If you have not already installed the MendelTwoPointLinkage, then within Julia, use the package manager to install MendelTwoPointLinkage:

In [None]:
] add https://github.com/OpenMendel/TwoPointLinkage.jl.git

or once the OpenMendel packages are registered simply use:

`pkg> add TwoPointLinkage`

This package supports Julia v1.0+

## Input Files
The MendelTwoPointLinkage analysis package accepts the following input files. Example input files can be found in the [data](https://github.com/OpenMendel/MendelTwoPointLinkage.jl/tree/master/data) subfolder of the MendelTwoPointLinkage project. (An analysis won't always need every file type below.)
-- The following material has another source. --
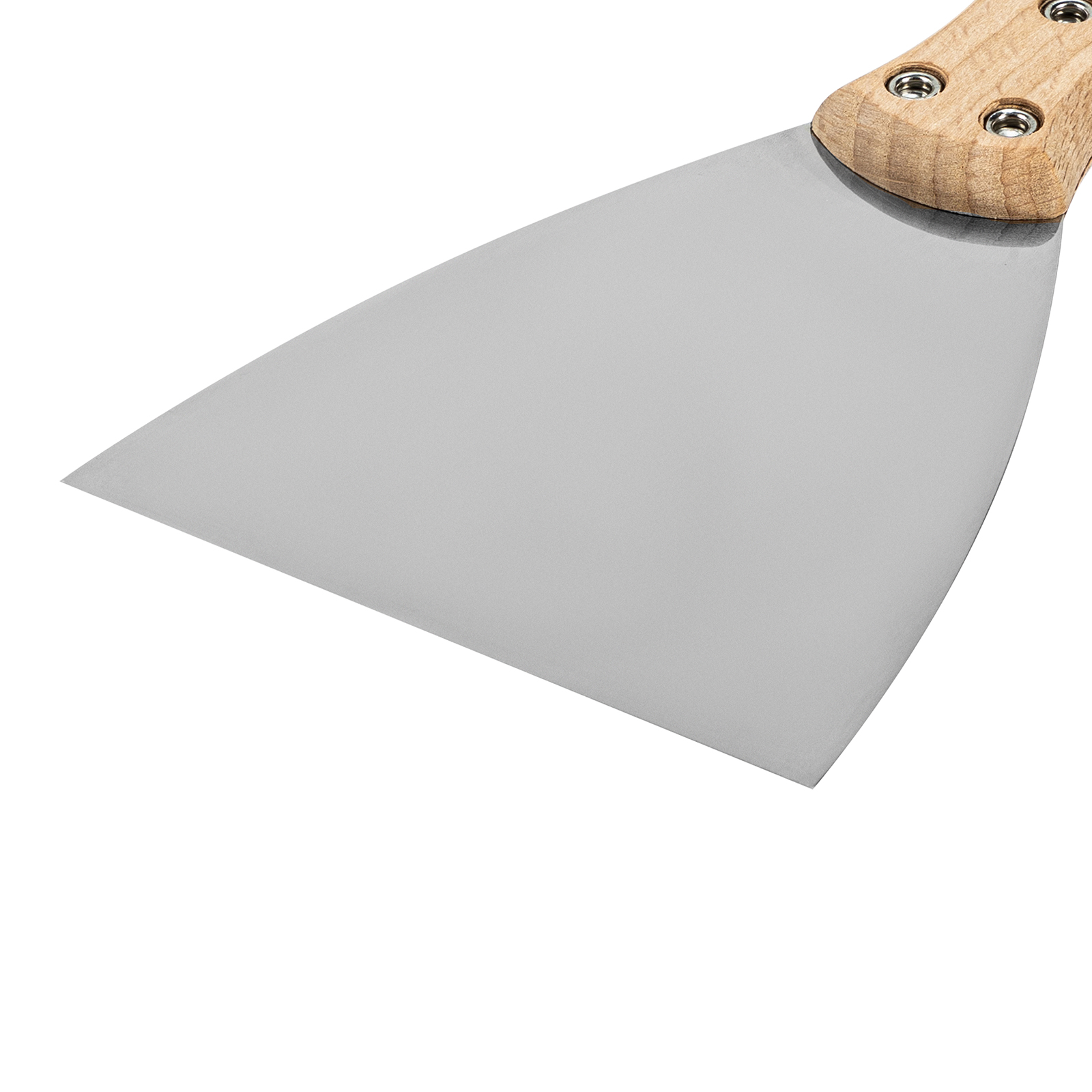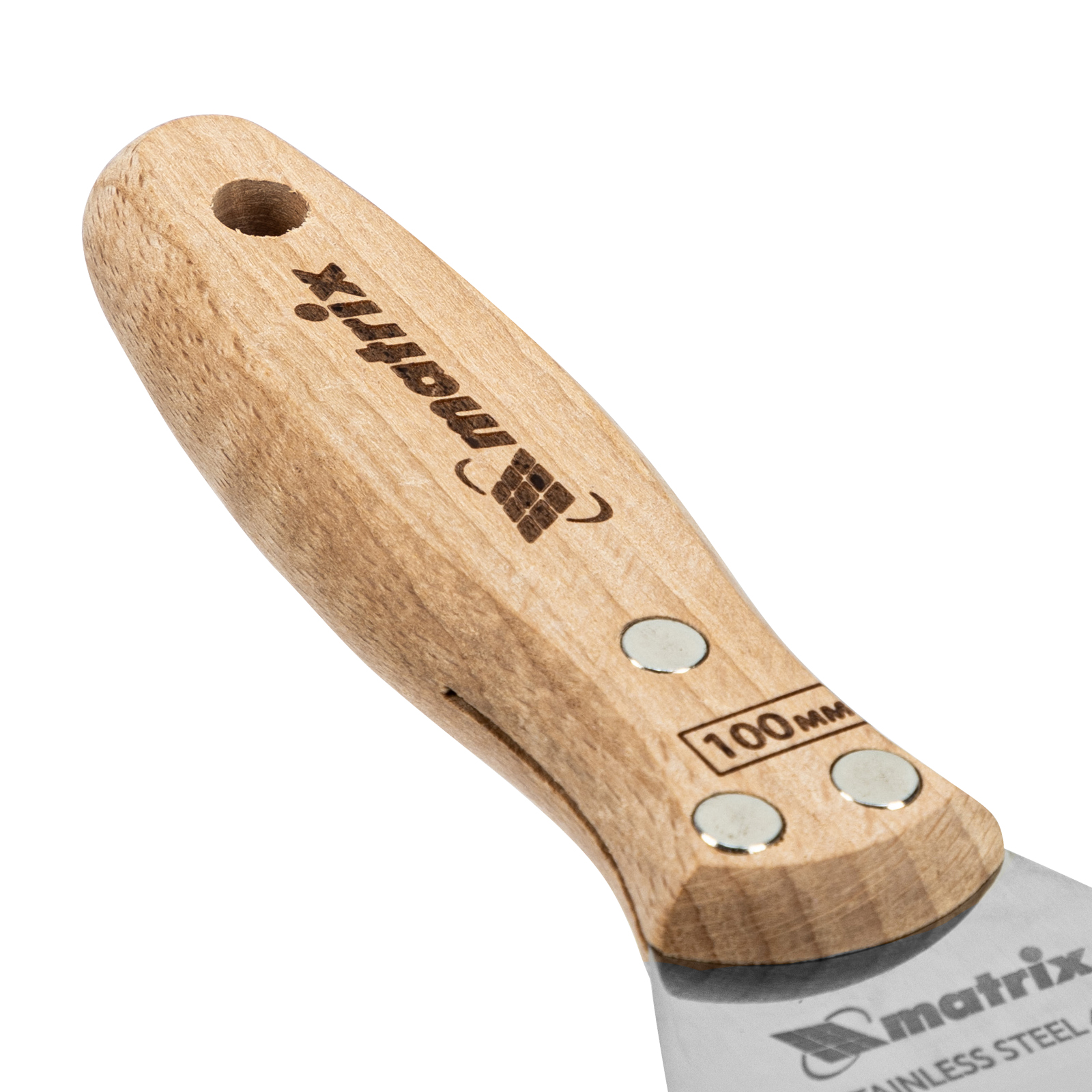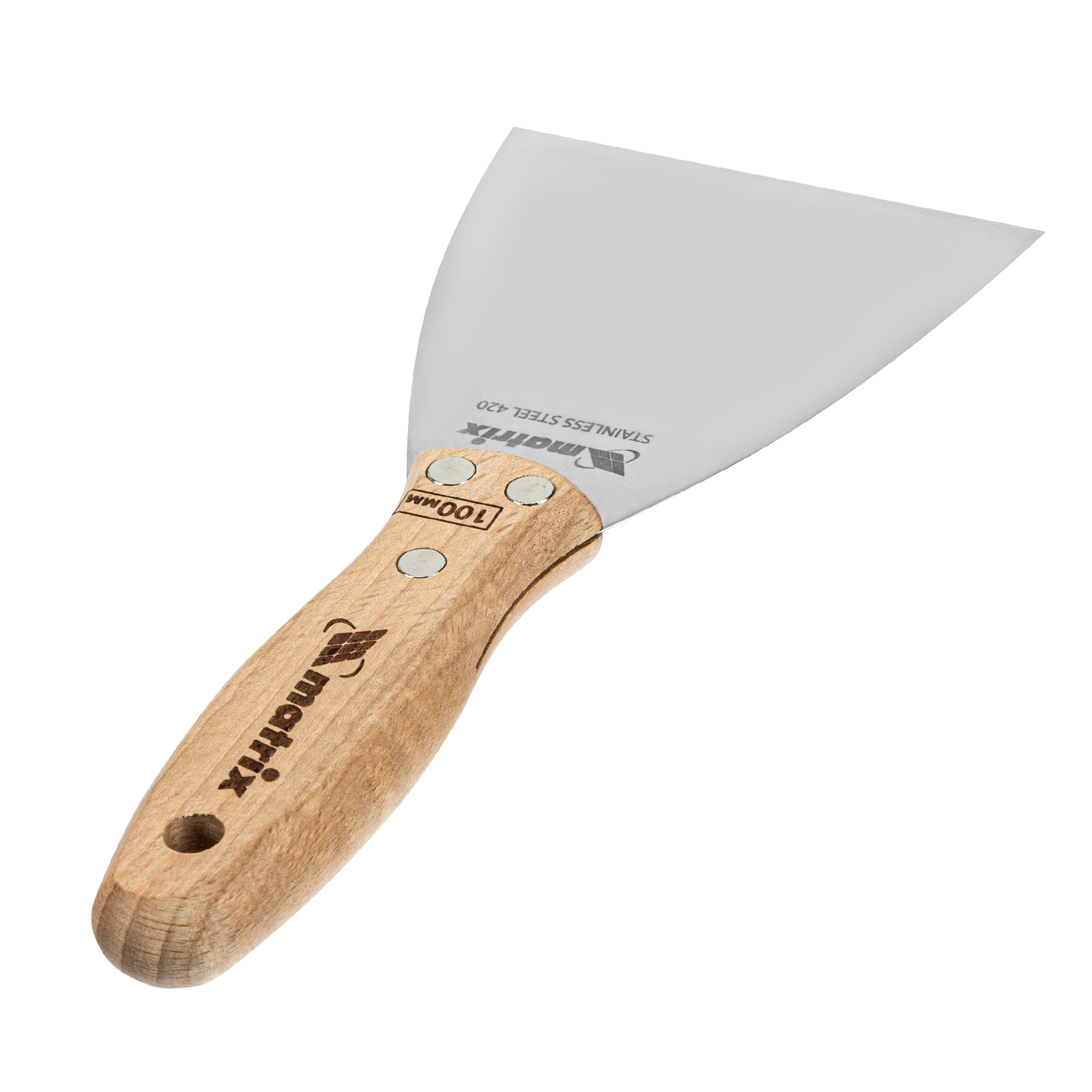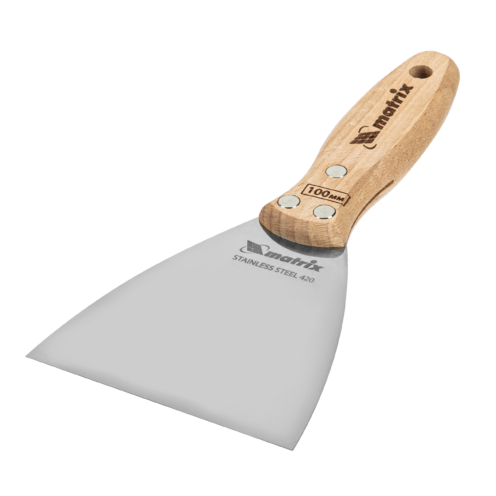 Шпательная лопатка Matrix 85617 с полотном из нержавеющей стали шириной 100 мм и буковой рукояткой предназначена для работы со строительными растворами. Применяется для нанесения различных смесей на поверхности, шпатлевания трещин и неровностей.

* [Control File](https://openmendel.github.io/MendelTwoPointLinkage.jl/#control-file): Specifies the names of your data input and output files and any optional parameters (*keywords*) for the analysis. (For a list of common keywords, see [Keywords Table](https://openmendel.github.io/MendelBase.jl/#keywords-table)). The Control file is optional. If you don't use a Control file you will enter your keywords directly in the command line.
* [Locus File](https://openmendel.github.io/MendelBase.jl/#locus-file): Names and describes the genetic loci in your data.
* [Pedigree File](https://openmendel.github.io/MendelBase.jl/#pedigree-file): Gives information about your individuals, such as name, sex, family structure, and ancestry.
* [Phenotype File](https://openmendel.github.io/MendelBase.jl/#phenotype-file): Lists the available phenotypes.

### Control file
The Control file is a text file consisting of keywords and their assigned values. The format of the Control file is:

	Keyword = Keyword_Value(s)

Below is an example of a simple Control file to run Two Point Linkage:

	#
	# Input and Output files.
	#
	locus_file = two-point linkage LocusFrame.txt
	pedigree_file = two-point linkage PedigreeFrame.txt
	phenotype_file = two-point linkage PhenotypeFrame.txt
	output_file = two-point linkage Output.txt
	lod-score-table = two-point linkage Output LOD Table.txt
	#
	# Analysis parameters for Two-Point Linkage option.
	#
	trait = RADIN
	GENDER-NEUTRAL = true
	standard_errors = true
	travel = grid

In the example above, there are nine keywords. The first three keywords specify input files: **two-point linkage LocusFrame.txt**, **two-point linkage PedigreeFrame.txt**, **two-point linkage PhenotypeFrame.txt**. The next two keywords specify output files with results of the analysis: **two-point linkage Output.txt** and **two-point linkage LOD Table Output.txt**. The last four keywords specify analysis parameters: **trait**, **gender-neutral**, **standard_errors** and **travel**. The text after the **'='** are the keyword values.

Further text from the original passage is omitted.